Update (14 May, 2024): The study is now in Forbes: "AI Chatbot Helps Prevent Suicide Among Students, Stanford Study Finds." Daniel Fitzpatrick, the author, is apparently a "global leader on AI & educational transformation," and delivers exactly the critical reporting that one might expect from someone who willfully and voluntary chose such a description.

Update (9 May, 2024): The paper discussed herein was cited in The New York Times (archive link to article). Since publishing this post, we've contacted Bethanie Maples, the author of the study, who didn't reply, then the journal, encouraging them to retract the paper. Though they are aware of the paper's numerous problems, including its failure to disclose conflicts of interests, they have not retracted it. They did ask us to write an official response, to be published alongside the paper, which we did, but it has been languishing in review for months while the company continues to use this bogus science to woo the public and the press.
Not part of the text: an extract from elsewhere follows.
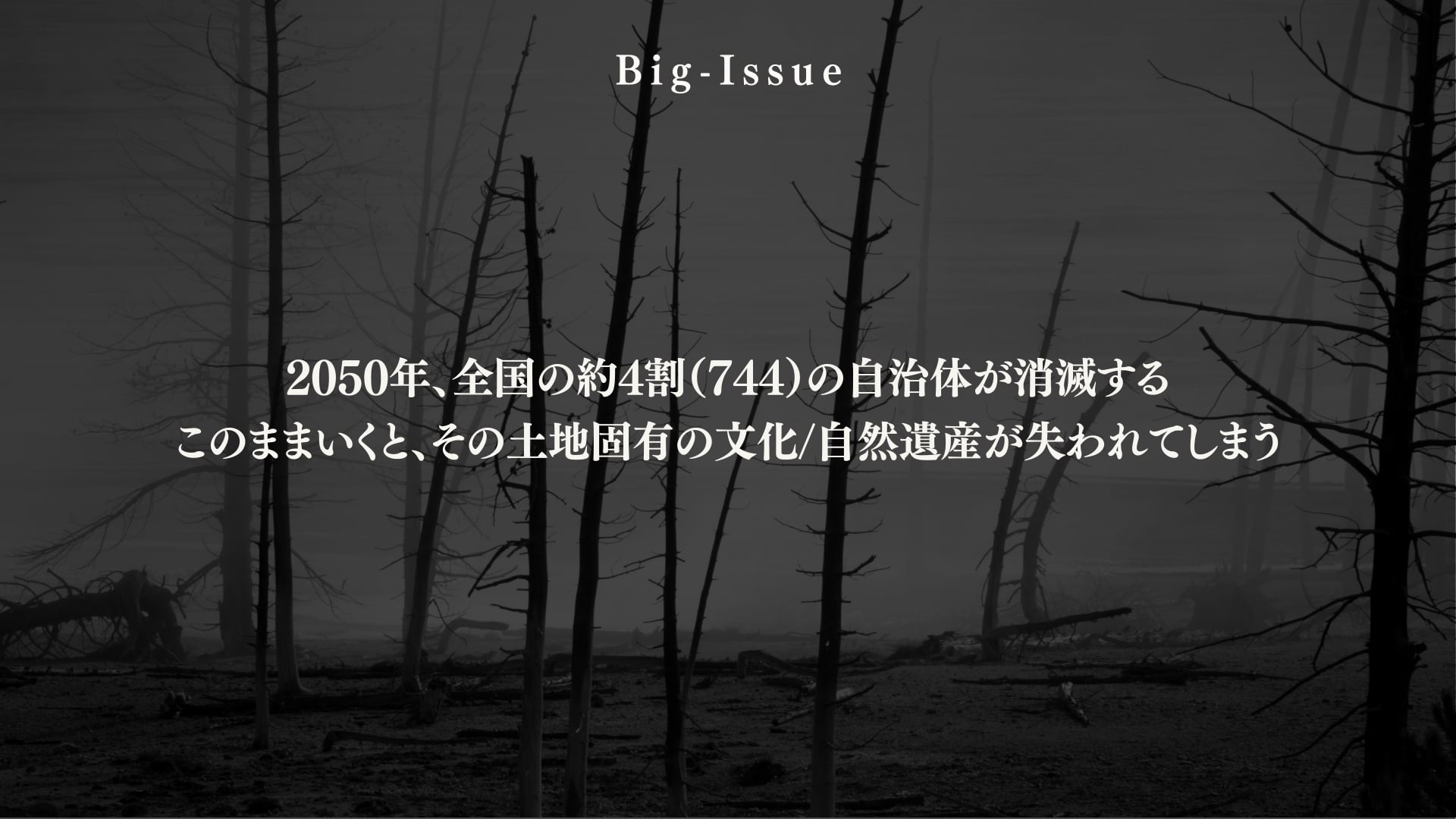 2050年、全国の約4割(744)の自治体が消滅する。このままいくと、その土地固有の文化/自然遺産が失われてしまう。

When we contacted the journal asking for an update, we never heard back.

Update (17 March, 2024): Since publishing this, we've learned that, though the study itself was conducted in 2021, the paper was released in January 2024, which just so happens to coincide with Replika's release of a new mental health product.

We've also learned that Bethanie Maples, the lead author of this study, is also the CEO of an AI education company called Atypical AI, though the paper's ethics declaration fails to mention what seems to me to be an obvious conflict of interest. The journal's editorial policies suggest declaring...

"[a]ny undeclared competing financial interests that could embarrass you were they to become publicly known after your work was published."

Finally, we'd like to note that Atypical AI, Bethanie Maples's company, has Shivon Zilis on its board. Shivon Zilis is a prominent figure in the Elon Musk Extended Stupidverse, where she is a director at Musk's Neuralink, a company that has both denied torturing monkeys and admitted that some did have to be "euthanized". She is also the mother of twins with Musk. Though the timeline is a bit fuzzy, Zilis appears to have been on both the board of Atypical AI and that of OpenAI, the company behind GPT-3 (which is mentioned in the title), while Maples conducted the study.

Thank you to Anthony Bucci for pointing out the relationship to OpenAI.


Nature recently published1 an article titled "Loneliness and suicide mitigation for students using GPT3-enabled chatbots" (archive link), written by four researchers at Stanford. The study used Replika, an "Intelligent Social Agent (ISA)," or what normal people would call a chatbot. It's made by Luka, Inc., and available via a freemium model, meaning that you can access basic features for free, or you can pay to access "Replika Pro," which "gives you access to a multitude of activities, conversation topics, voice calls, app customization, being [sic] ability to change your Replika's avatar entirely & more!" On the surface, though it's only a thin veneer, they advertise themselves as "The AI companion who cares. Always here to listen and talk. Always on your side."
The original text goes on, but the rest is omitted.